Hey everyone
Classroom Item: Week 3, Cost function for logistic regression
In this video, Andrew said that the logistic regression function {{f_w,b(x)}} predicts a value ranging from 0 to 1, then this value is used in computing the cost using logarithms. For example, if y (the actual output) was equal to 0 and the function predicts 0.5 or 0.7, then the cost will be very high. But the threshold can be y = 0 if f_w,b(x) <= 0.7 and 1 otherwise. So in this case the cost should be zero I think, as the algorithm predicted the actual output regardless of its value (0.5 or 0.7)
So, why is it necessary to use the function’s actual output (0.5 or 0.7) rather than the binary decision (0 or 1) at the decision boundary?
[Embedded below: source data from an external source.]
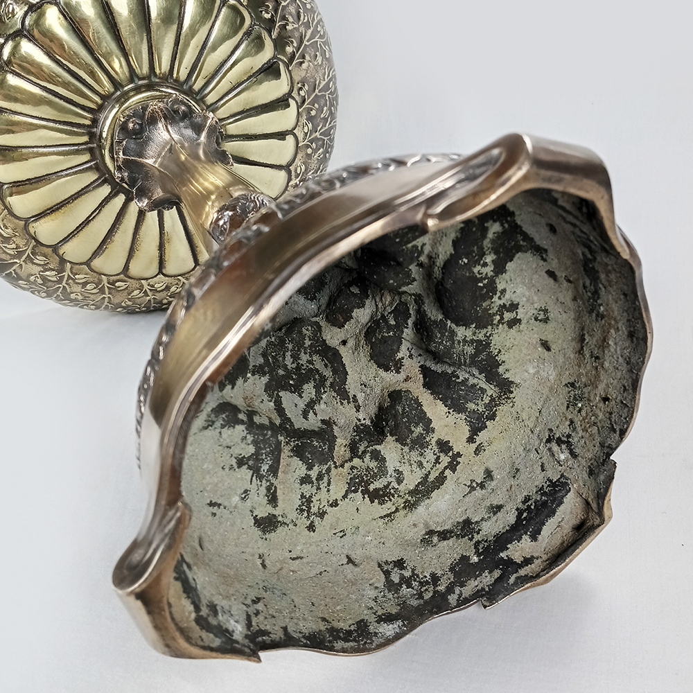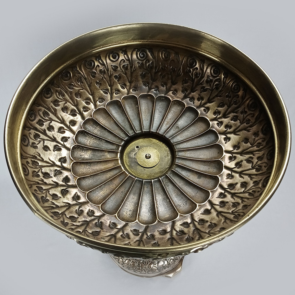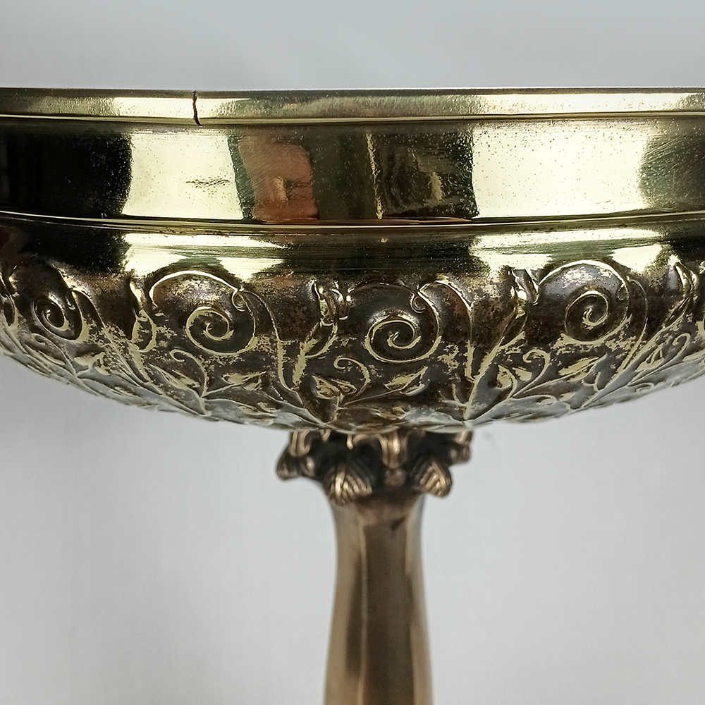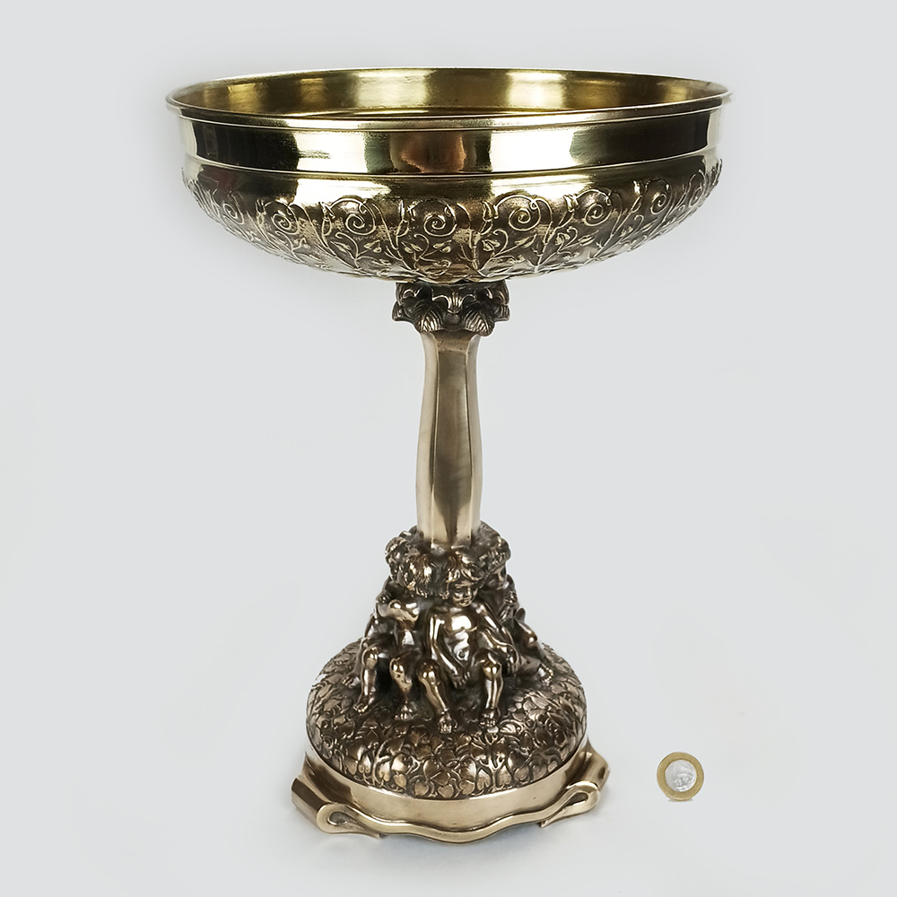 Belo e grande centro de mesa ou fruteira, feita de bronze. É ricamente decorada com escultura de crianças na base, e é assinada: K. Schwarz. Não conseguimos informações sobre o artista. Peça de provável origem austríaca ou alemã. Do início do século passado, está em ótimo estado de conservação, ideal para uso e decoração.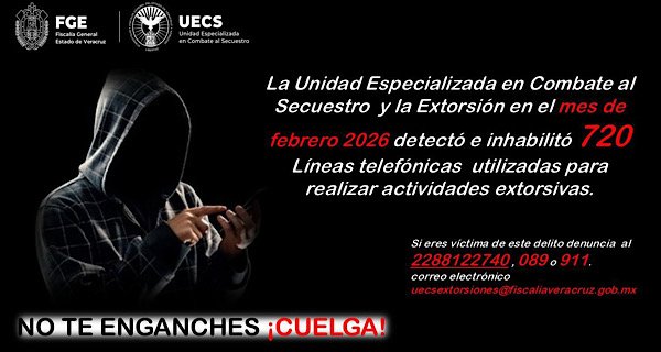 La Fiscalía General del Estado, a través de la Dirección General de la Unidad Especializada en Combate al Secuestro y la Extorsión (UECS), informa que durante febrero de 2026, fueron inhabilitadas 720 líneas telefónicas utilizadas por delincuentes para cometer extorsiones en el estado de Veracruz.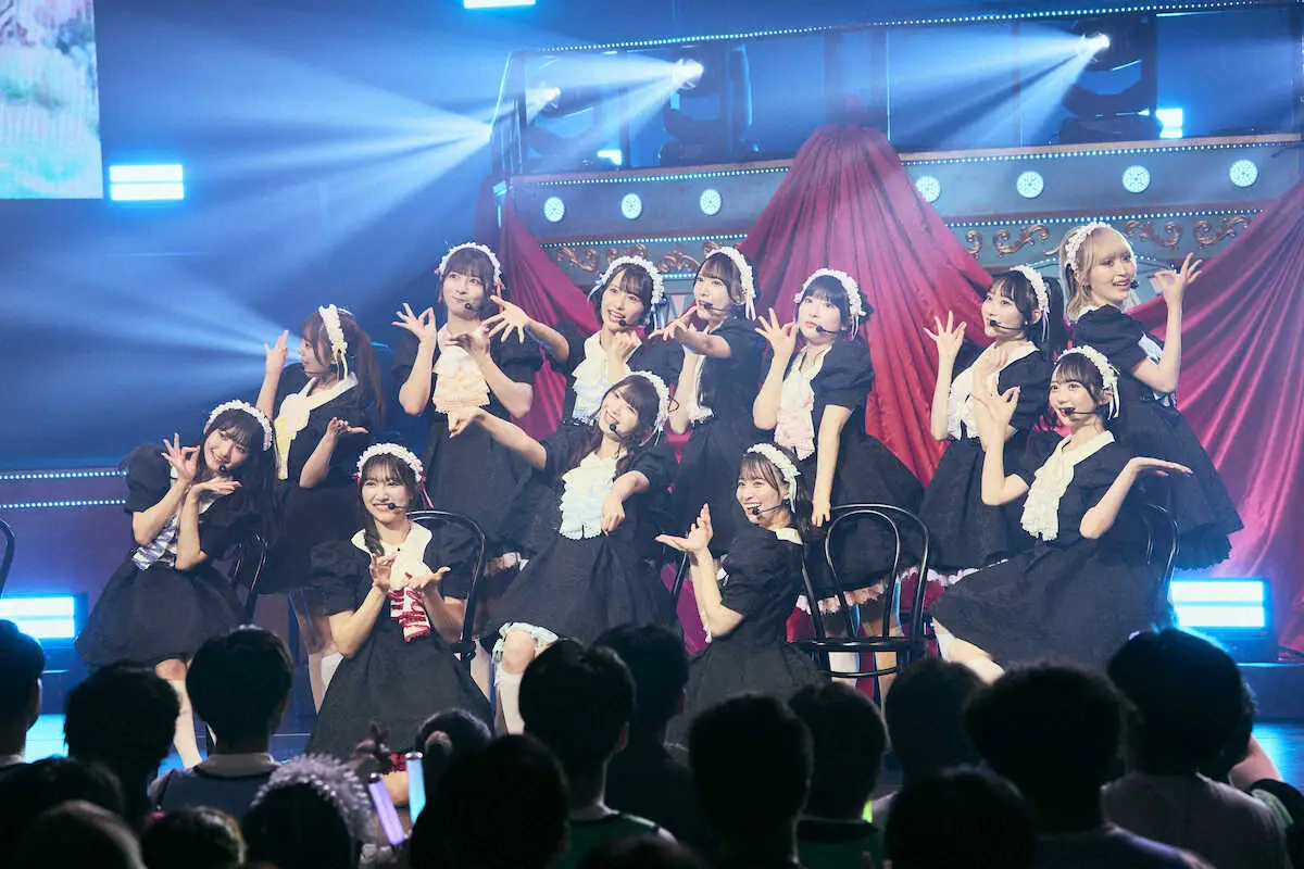 海の冒険をテーマに、海賊風の衣装で登場し、勢いよく幕を開けると、その後はメイド服や制服、透明感あふれるレースのドレスなど、さまざまな衣装に七変化。多様なコンセプトで観客を楽しませた。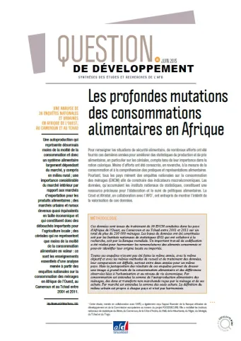 Une autoproduction qui représente désormais moins de la moitié de la consommation et donc un système alimentaire largement dépendant du marché, y compris en milieu rural ; une importance considérable du marché intérieur par rapport aux marchés d’exportation pour les produits alimentaires ; des marchés urbains et ruraux devenus quasi équivalents en taille économique et qui constituent donc des débouchés importants pour l’agriculture locale ; des céréales qui ne représentent que moins de la moitié de la consommation alimentaire en valeur : ce sont les enseignements essentiels d’une analyse menée à partir des enquêtes nationales sur la consommation des ménages en Afrique de l’Ouest, au Cameroun et au Tchad entre 2001 et 2011.
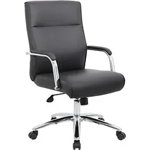 The Modern Executive Conference Chair features CaressoftPlus upholstery to give you an ultra-soft seat that's both breathable and durable. This trademarked vinyl looks and feels like leather yet cleans easily with just a damp cloth. Spring-tilt mechanism allows you to change the angle of the entire seat relative to the floor and to transfer some of your upper body weight to the backrest of the chair. The 27" chrome base offers extra stability to the chair by spreading the load over a larger surface area to help prevent tipping. Pneumatic gas lift allows easy seat-height adjustments to help you find the personalized sitting style that suits you and your work environment. Padded, stationary loop arms are ergonomically shaped for comfort and extended use. Hooded, double-wheel casters slide smoothly on floors to make it easy to move and shift directions. Executive chair supports up to 275 lb.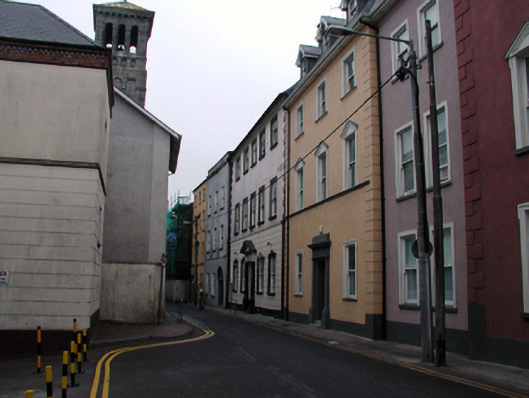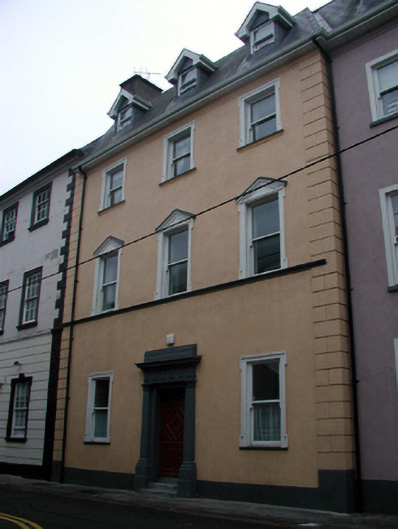 Terraced three-bay three-storey house with dormer attic, c.1750, with three-bay three-storey canted bowed bay to rear (south) elevation. Extensively renovated, 1998, with dormer attic added to accommodate use as apartments. Pitched roof (gabled to dormer attic windows) with replacement artificial slate, 1998, clay ridge tiles, replacement square rooflights, 1998, and replacement uPVC rainwater goods, 1998, on replacement overhanging uPVC eaves, 1998. Painted replacement rendered walls, 1998, with rendered quoined piers, and moulded rendered course to first floor. Square-headed window openings with moulded rendered sills (forming sill course to first floor), and moulded rendered surrounds having pediments to first floor. Replacement 1/1 timber sash windows, 1998. Square-headed door opening with three cut-limestone steps, rendered pilaster doorcase with triglyph frieze, moulded entablature, blocking course over, and replacement glazed timber panelled door, 1998. Road fronted with concrete footpath to front.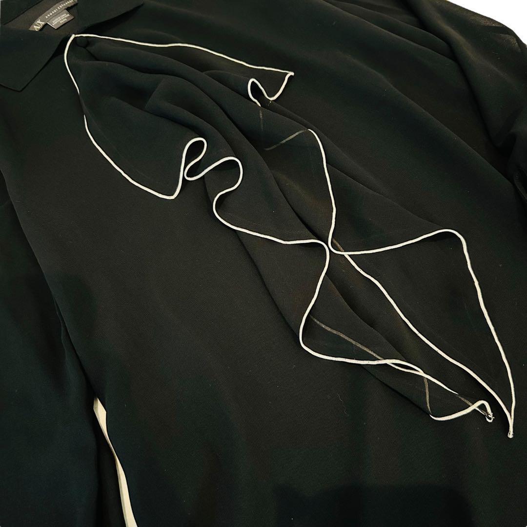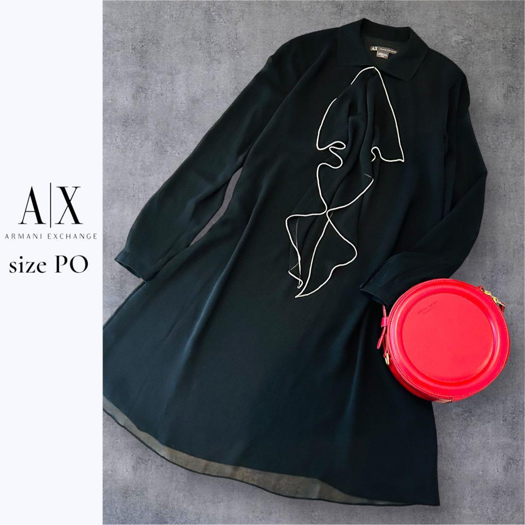 【美品】ARMANI EXCHANGE アルマーニ ワンピース ブラック 長袖 フリル POサイズ 日本M相当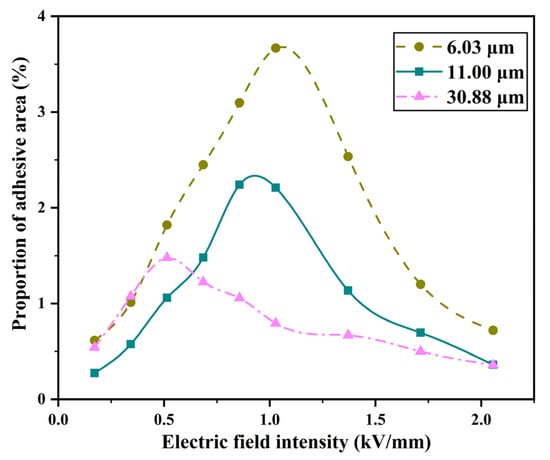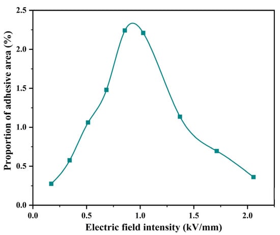 The data in Figure 9 indicates that the magnitude of the electric field strength can have a significant impact on the adhesion degree. When the electric field strength is low, the proportion of carbon particle adhesion area is also low, with only 0.27% of the particle adhesion area under an electric field of 0.17 kV/mm; as the electric field strength increases, the proportion of carbon particle adhesion area also increases. When the electric field strength increases to 0.86 kV/mm, the proportion of carbon particle adhesion area reaches its maximum, reaching 2.24%; as the electric field strength further increases, the proportion of carbon particle adhesion area no longer increases, but shows a decreasing trend. When the electric field reaches 2.06 kV/mm, the proportion of particle adhesion area decreases to 0.36%. Therefore, the adhesion degree of carbon particles increases first and then decreases with the increase in electric field strength; that is, there exists a specific field strength that causes the adhesion degree of carbon particles to reach peak value. This field strength is referred to as the peak adhesion field strength in this article.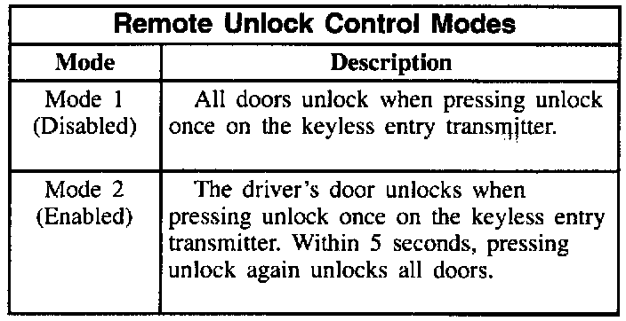 Remote Unlock Control Modes: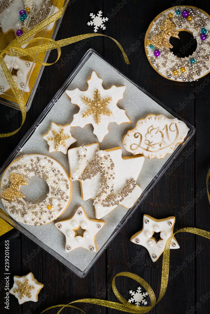 Gingerbread cookies gift set box with white icing, silver and golden sprinkles, snowflake, Christmas tree, stars and pig face on biscuits, dark wooden background, homemade sweets present, copy space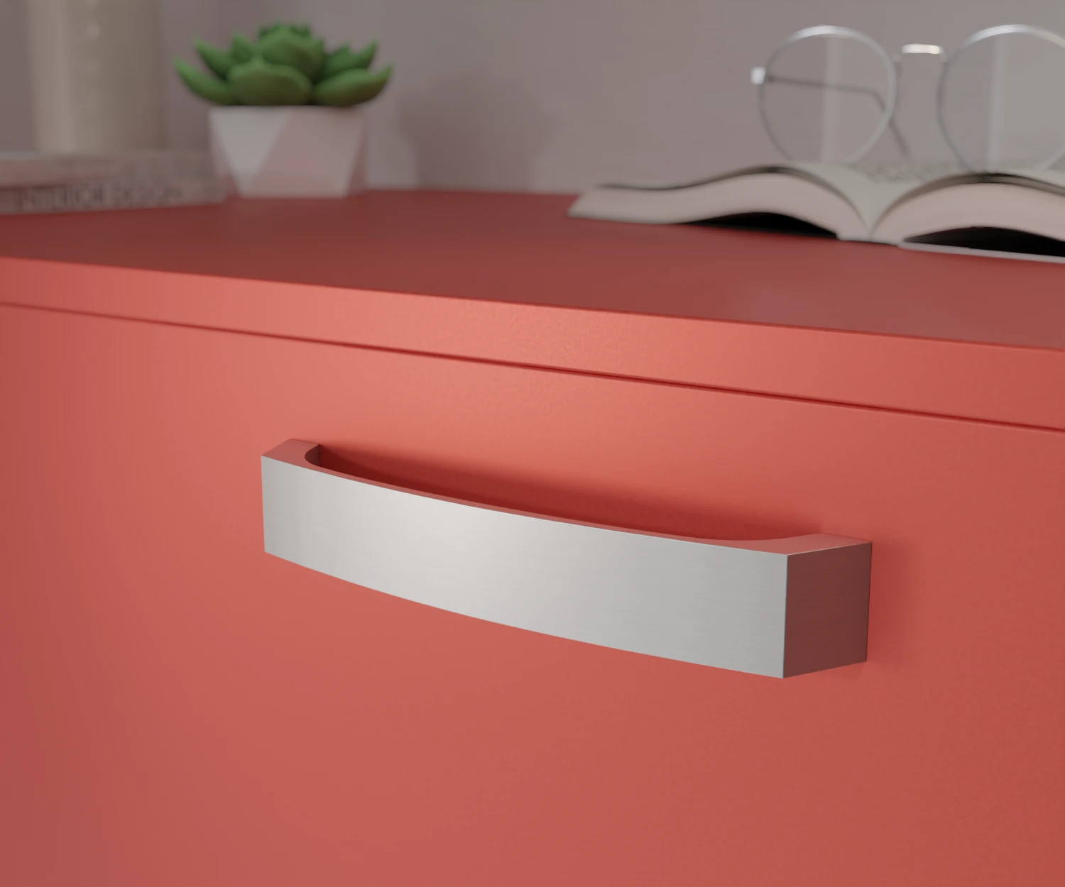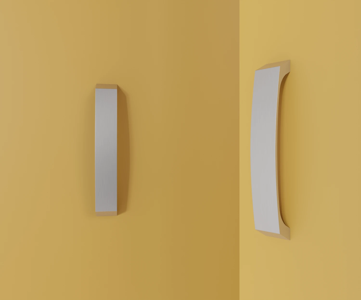 Dieser Griff vereint klare Linien mit einer subtil geschwungenen Frontfläche, die ihm eine kraftvolle, aber dennoch elegante Ausstrahlung verleiht. Die leicht konvexe Form betont die horizontale Linienführung und fügt sich harmonisch in moderne Möbelfronten ein. Ein Designstatement für alle, die Wert auf reduzierte Formensprache mit starker Präsenz legen.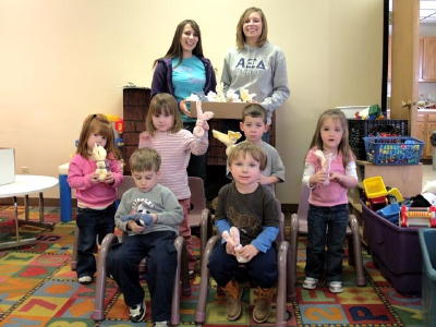 ![]() Sorority sisters present "Boo-Boo Bunnies" to children Submitted by Jim Sullivan Amanda Lay and Mica Seman of Marietta College's Alpha Xi Delta sorority stopped by Minnie's Rainbow Day Care Center to deliver "Boo-Boo Bunnies" to the children recently. The Center is located at Minnie Hamilton Health System in Grantsville. The ladies gave each child a bunny, made of a washcloth and decorations. Ice can be placed inside the bunny creating a cold compress. Ms. Lay explained that the sorority's philanthropy is "Choose Children." Each year, the ladies raise money for various children's charities. This year, during recruitment, each individual that came through the door made a bunny to be distributed. The ladies enjoyed allowing each child to pick their favorite color. "This is the best part, making the kids happy," they said.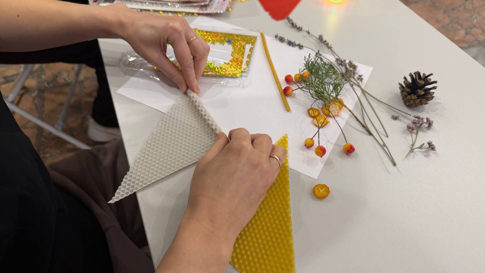 Перед началом мастер-класса гости узнали историю происхождения и значения вощины в традиционном рукоделии, а также о пользе использования экологически чистых материалов. Под руководством участники научились аккуратно разогревать вощину, сворачивать ее в формы, создавать декоративные элементы и украшать готовые свечи натуральными составляющими: палочками корицы, шишками, бусинами и лентами.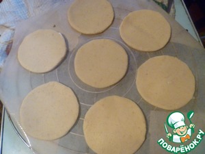 Кружки теста выложила на пергамент смазанный растительным маслом.

From my understanding, the function f_w,b(x) should predict either 0 or 1 based on the chosen threshold and decision boundary.
Isn’t the final binary output (0 or 1) what’s actually used in prediction-making, rather than the continuous value of the function?
Hi @Tera_Byte
The reason is that logistic regression aims to predict probabilities rather than hard binary outputs. This makes the model to learn how confident it should be for each prediction. If we only used the final binary output for the cost, the model wouldn’t learn the degree of error when it’s unsure. This makes the model to push probabilities closer to 0 or 1, based on its confidence level.
Hope it helps! Feel free to ask if you need further assistance.
1 Like
@Alireza_Saei thanks for answering, your answer helped me understand but I have the feeling that I’m still missing something, what do you mean by “the degree of error when it’s unsure” and do you maybe have an example in mind that can expand on your answer?
You’re very welcome @Tera_Byte !
I mean that logistic regression not only tries to predict the correct class but also considers how confident
it is about that prediction.
For example, if the actual output is 0 and the model predicts 0.9 (strongly wrong) versus 0.4 (somewhat wrong), the cost function penalizes the 0.9 prediction more heavily because it’s more confident in an incorrect answer. This helps the model learn to be more precise, trying to push values closer to 0 or 1 based on its certainty.
Let me know if this clarifies things a bit more!
2 Likes
Yeah, that answer did it for me. Thanks again @Alireza_Saei
You’re welcome! happy to help